HD 181720 b / Toge

Discovery
- Discovered by: Santos et al.
- Discovery site: La Silla Observatory
- Discovery date: October 19, 2009
- Detection method: radial velocity (HARPS)

Orbital characteristics
- Apastron: 2.24 AU (335,000,000 km)
- Periastron: 1.31 AU (196,000,000 km)
- Semi-major axis: 1.78 AU (266,000,000 km)
- Eccentricity: 0.26 ± 0.06
- Orbital period (sidereal): 956 ± 14 d 2.62 y
- Average orbital speed: 20.3
- Time of periastron: 2,453,631 ± 30
- Argument of periastron: 177 ± 12
- Semi-amplitude: 8.4 ± 0.4
- Star: HD 181720

= HD 181720 b =

Extrasolar planet in the constellation Sagittarius

HD 181720 b is an extrasolar planet which orbits the G-type main sequence star HD 181720, located approximately 190 light years away in the constellation Sagittarius.

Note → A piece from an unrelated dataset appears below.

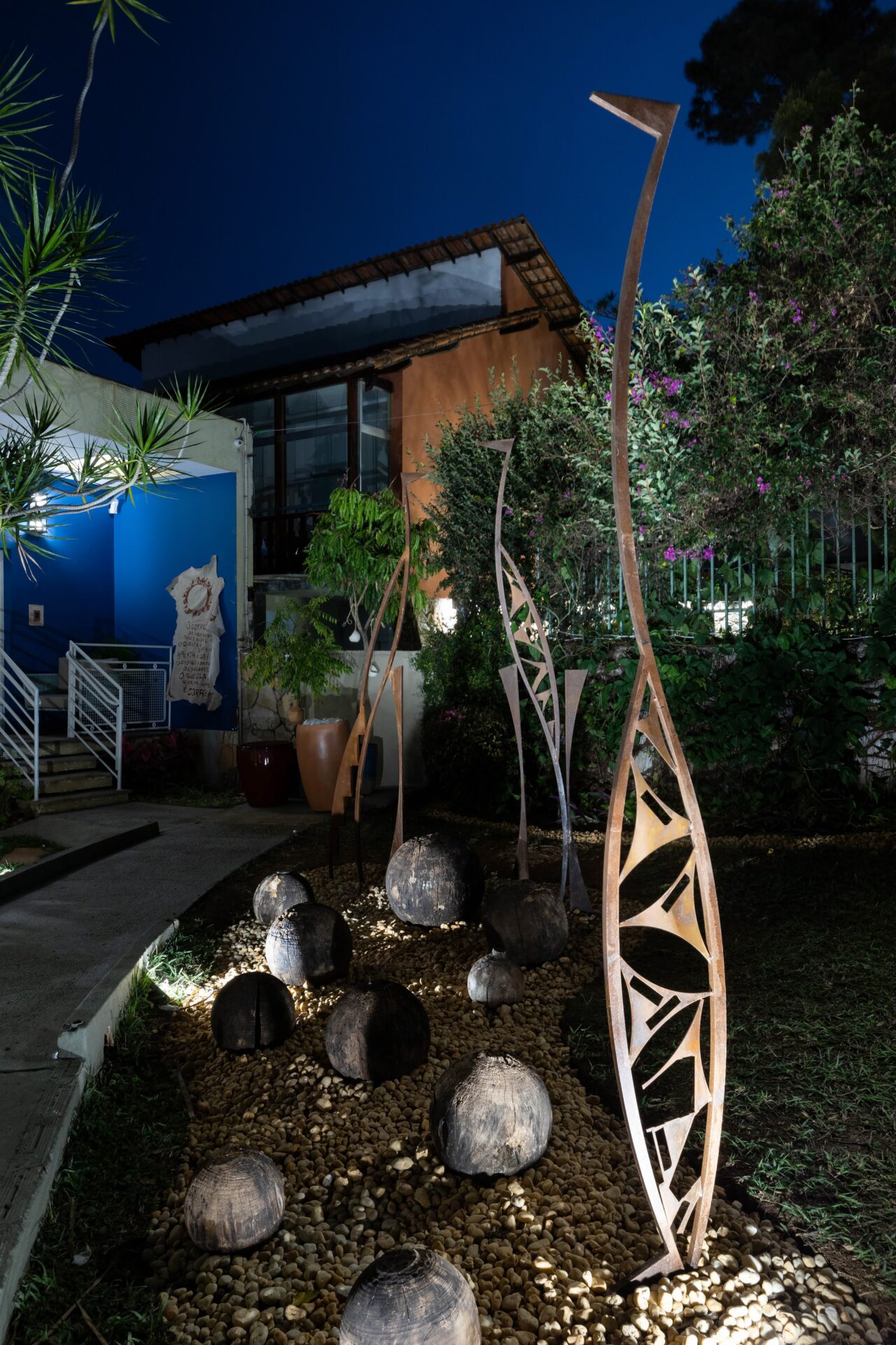 O grande desafio deste projeto foi trazer para este jardim a essência da nossa mineiridade, retratando o movimento das montanhas mineiras e a trajetória dos rios que cortam o nosso estado. Trazemos também para este momento a nossa essência, que transforma em esculturas de aço os resíduos da indústria. E elas brotam neste jardim como plantas do cerrado.

This planet has at least three-eighths the mass of Jupiter and takes over two and five-eighths years to orbit the star at a semimajor axis of 1.78 AU with an eccentricity of 0.26. This planet was detected by HARPS on October 19, 2009, together with 29 other planets.

The planet HD 181720 b is named Toge. The name was selected in the NameExoWorlds campaign by Ghana, during the 100th anniversary of the IAU. Toge means earring in the Ewe language.